By expanding these rights to non-Kashmiris, India is engineering a demographic shift that seeks to erase the region’s indigenous Muslim identity and entrench Hindu dominance.
This campaign began in earnest after August 2019, when India unilaterally revoked Article 370 — the constitutional provision that granted Jammu and Kashmir limited autonomy and protected its demographic composition.
Within a year, over 25,000 domicile certificates were issued to outsiders.
Among the latest cases, 52 non-local men in Beerwah tehsil of Budgam district received domicile status through marriage to local women — a loophole exploited to justify demographic intrusion.

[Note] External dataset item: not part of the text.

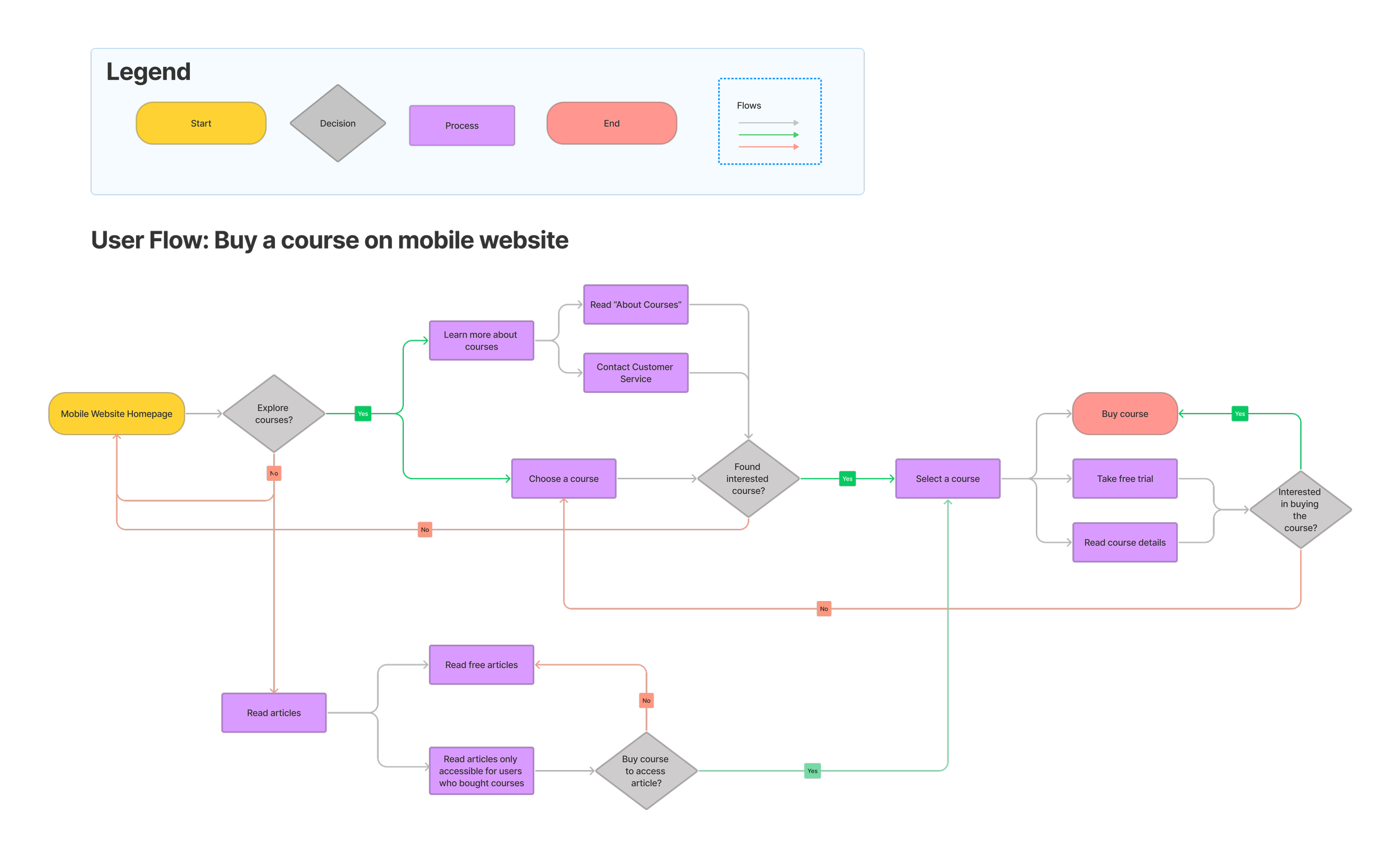 After discussing with my client, we decided to focus on optimizing the process of taking courses on mobile website. To find all the paths users can take to buy and learn a course and all the screens needed to complete the task, I created a user flow for buying a course based on the mobile sitemap. In this user flow, users can access the courses through either the navigation of Learning Courses or Read Articles.

While Indian authorities claim these moves foster “integration,” the reality is starkly different.
India is not integrating Kashmir — it is colonizing it.
The parallels with Israel’s occupation of Palestine are impossible to ignore.
Like Zionist settlements in the West Bank, India is building “facts on the ground” in Kashmir — bureaucratic and legal structures designed to dispossess the native population and replace them with politically loyal settlers.
According to India’s 2011 census, Muslims constituted 68.31% of Jammu and Kashmir’s population of 12.5 million.
That demographic balance is now under siege.
By weaponizing domicile laws, New Delhi is reshaping the political future of Kashmir — not through ballots, but through bulldozers and birth certificates.